This application fetches real estate listings from a webpage, tidies up the data, and stores it in an Amazon S3 bucket.
It uses Python libraries like requests and BeautifulSoup for web scraping, and Boto3 for interacting with S3.
Additionally, it's orchestrated by Apache Airflow, which schedules and manages the entire ETL process.
This setup automates the extraction, transformation, and loading of real estate data, making it easy to keep the listings up-to-date and accessible.
- Utilizes requests library to send HTTP requests and BeautifulSoup library to parse HTML content of a webpage.
- Scrapes specific data from the webpage and saves it to a pandas dataframe.
- Defines functions to extract specific details from the dataframe and clean the data.
- Extracts details like area, number of bedrooms, suites, parking spaces, etc.
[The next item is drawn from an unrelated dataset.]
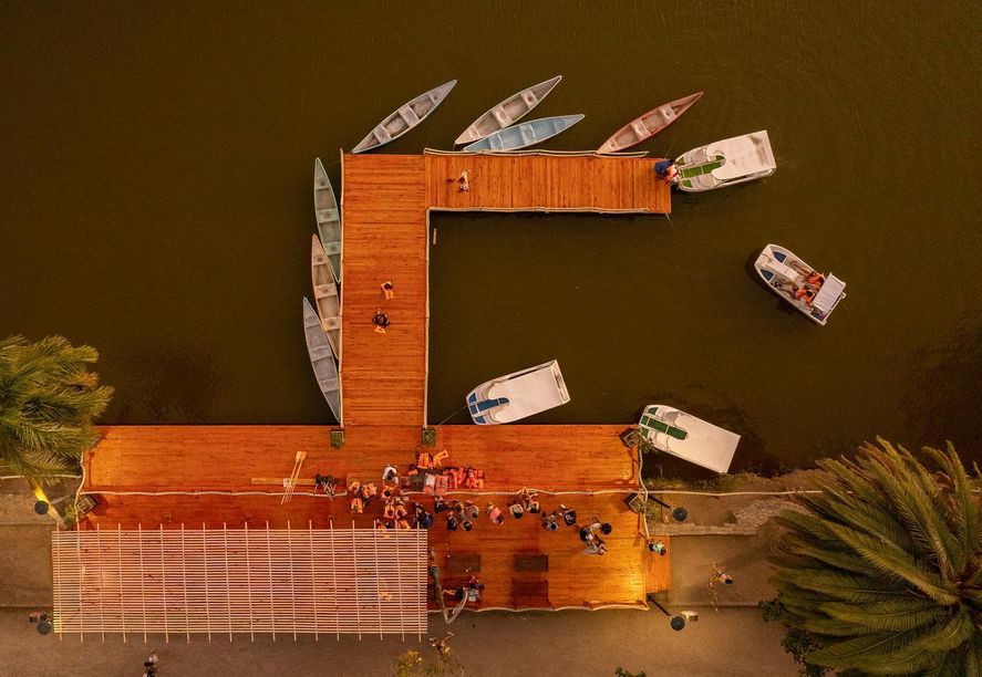 El muelle ubicado en el predio se remodeló creando un sector de descanso y mirador, y a su vez se construyó un muelle flotante construido con paneles de polietileno.
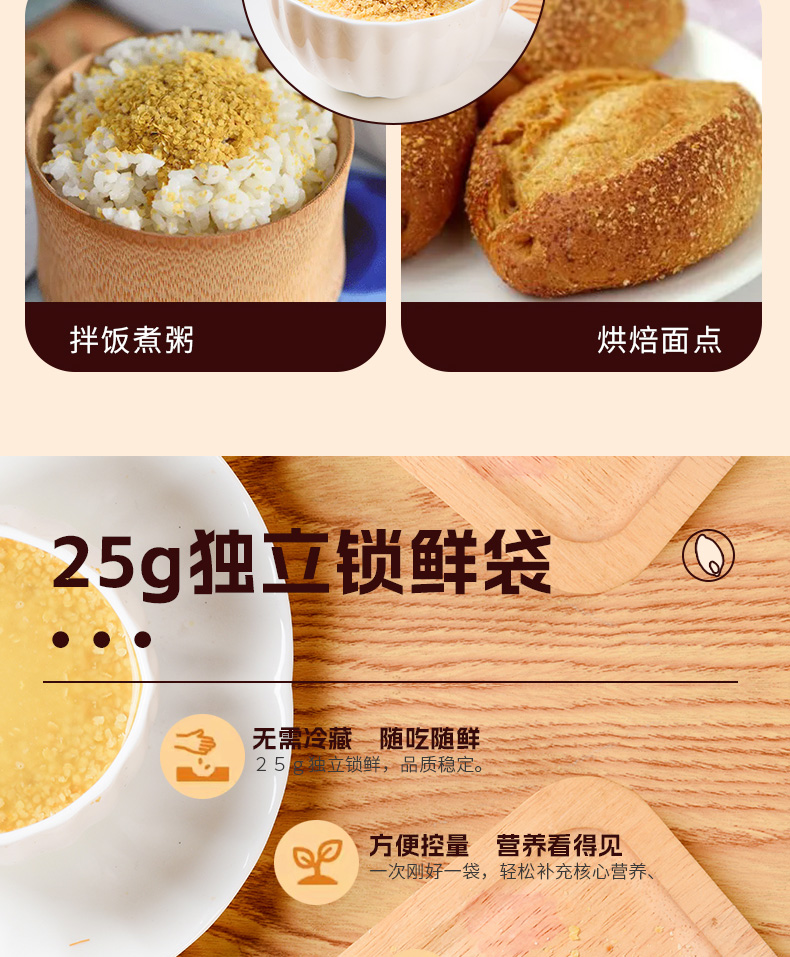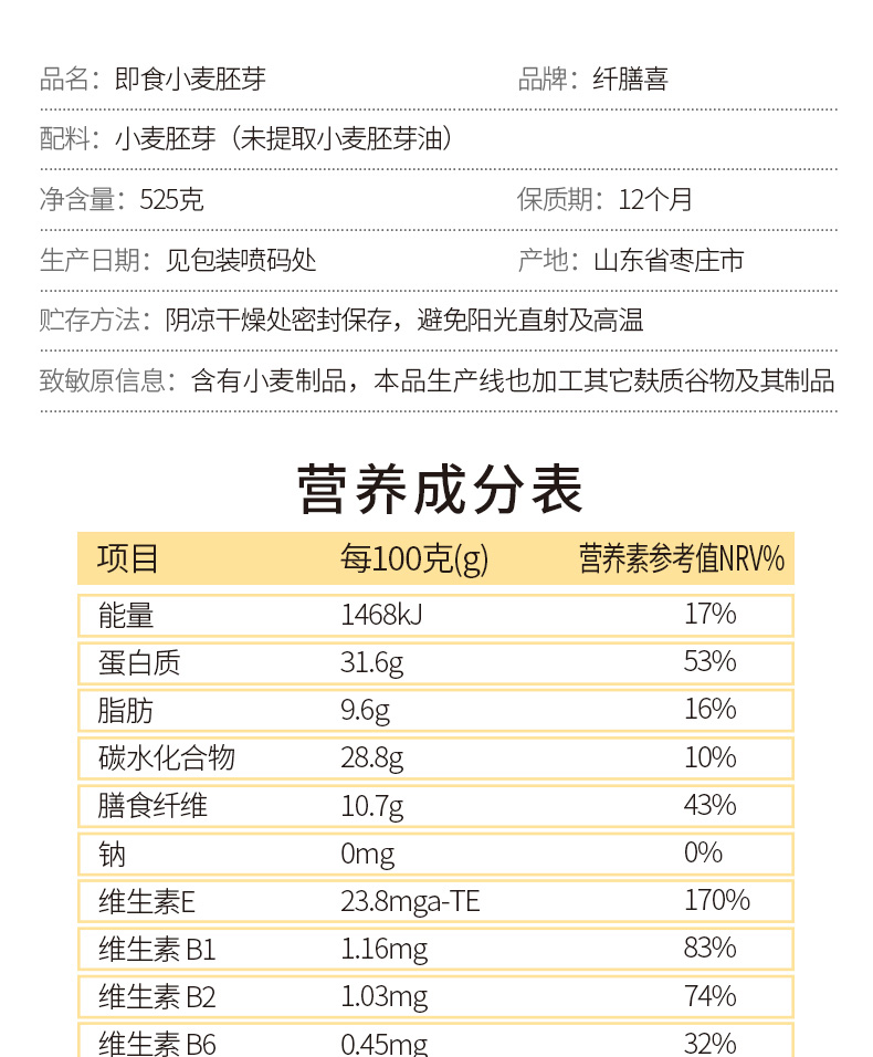 品名:纤膳喜小麦胚芽 规格1:525g/袋*1袋(21独立小袋/袋) 规格2:525g/袋*3袋(21独立小袋/袋);拍几份发几个包裹,不一定能同时到达,请耐心等待; 发货地/产地:山东枣庄 保质期:12个月 包装方式:袋装+独立小袋 物流信息:默认圆通/邮政/中通发货,不支持指定快递 发货区域:新疆、西藏、青海、宁夏、内蒙、甘肃、海南不发; 物流详情:周六、周日及节假日除外,正常48小时内发货,到货时间约为2~5天,请耐心等待 售后说明:收到货后有质量问题,在24小时内都可以拍照(坏品+快递单面箱子一起拍)上传,申请按坏品比例理赔或联系客服;生鲜食品性质特殊,不支持7天无理由退换货;因地址错误,手机号联系不上,拒收等造成的损失无法售后,请理解;新老包装随机发货,介意者慎拍; |

- Cleans and preprocesses price data.
- Loads AWS configuration from a JSON file.
- Uploads a CSV string to an S3 bucket using Boto3 S3 client.
- Sets up a Directed Acyclic Graph (DAG) named "automated_etl_process" using Airflow.
- DAG is scheduled to run daily.
- Defines three tasks for data extraction, transformation, and loading, represented by PythonOperator.
- Establishes task dependencies where the extraction task precedes transformation, and transformation precedes loading.